Emilie Caroline Albertine Gordon (née von Beulwitz) (6 March 1841 − 2 February 1909), known as Emy Gordon, was a German writer, translator and Catholic activist who was married to the Scottish diplomat George Gordon.[1]
Gordon was born in Cannstatt, near Stuttgart, to Hartmund von Beulwitz (1814−1871), a Protestant landowner, and his Catholic wife Nanette Riedlinger (1808−1869).[1]
In the 1860s she began an affair with George John Robert Gordon (1812−1902), a Scottish diplomat serving as Britain's Envoy Extraordinary and Minister Plenipotentiary to the Kingdom of Württemberg, who had been married to Rosa Justina Young (1817−1891) since 1843. Nevertheless, he declared himself a bachelor and converted to Catholicism, and married Emilie von Beulwitz in Manchester in 1871, causing a scandal.[2] [3]
Gordon and her husband had four children, three of whom were born before their marriage:[4]

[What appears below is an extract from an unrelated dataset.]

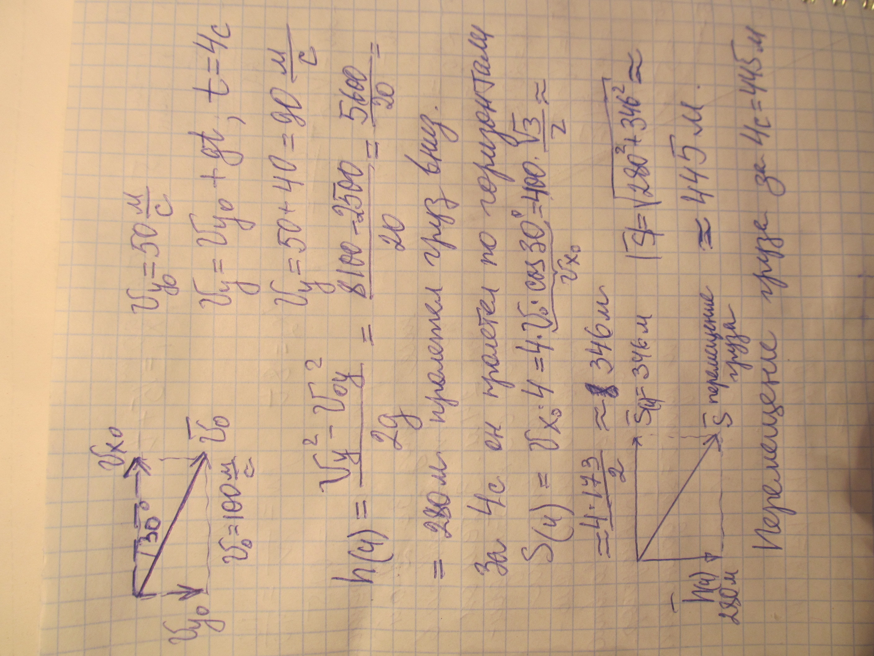 Самодёт движется вниз под углом 30 градусов к горизонту со скоростью 100 метров в секунду . Из него выпал груз , который коснулся земли через 4 секунд . Каковопермещение груза ?
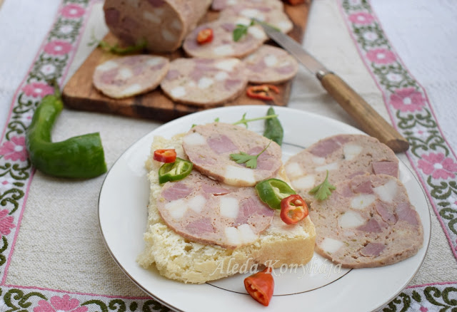 A szalonnát és a sonkát 1 cm-es kockákra vágjuk, összekeverjük a húsmasszával. Dupla rétegű fóliát kiterítünk, rápakoljuk a masszát, majd felcsavarjuk, a végeknél pedig többször átcsavarjuk, míg a rúd feszessé válik. A fóliavégeket alátűrjük, majd az egészet sütőpapírba csavarjuk és egy éjszakára hűtőben tároljuk.

After her husband inherited his father's estate at Ellon Castle in Scotland in 1873, the family lived there for several years before moving to the continent, residing first in Bruges in Belgium before settling permanently in Würzburg in Germany. She and her husband were married in a civil ceremony in Maastricht in the Netherlands in 1892, after her husband's first wife died.[1]
In her later years Gordon published a number of books on home and family life, the most popular of which was Die Pflichten eines Dienstmädchens, oder: das A-B-C des Haushaltes (1894), a guide to the duties of the housewife. She also edited Die praktische Hausfrau (The Practical Housewife), a supplement to the regional Catholic newspaper Fränkisches Volksblatt, and published articles in several Catholic magazines.[1]
Gordon's translation work included the publication of a German version of Cardinal Manning's Why I Became a Catholic, Or Religio Viatoris.
In 1904 Gordon established a branch in Würzburg of the German Catholic Women's Association, a lay organisation founded the previous year in Cologne. She attended the Second Conference of the International Woman Suffrage Alliance in Berlin in June 1904, and was the opening speaker at the 1907 Katholikentag in Würzburg. In her home town she helped to set up other organisations providing social services to women and girls, and was president of the non-denominational women's education movement Frauenheil.[1]
Some of her papers are held at the Ida-Seele Archive in Dillingen an der Donau.[5]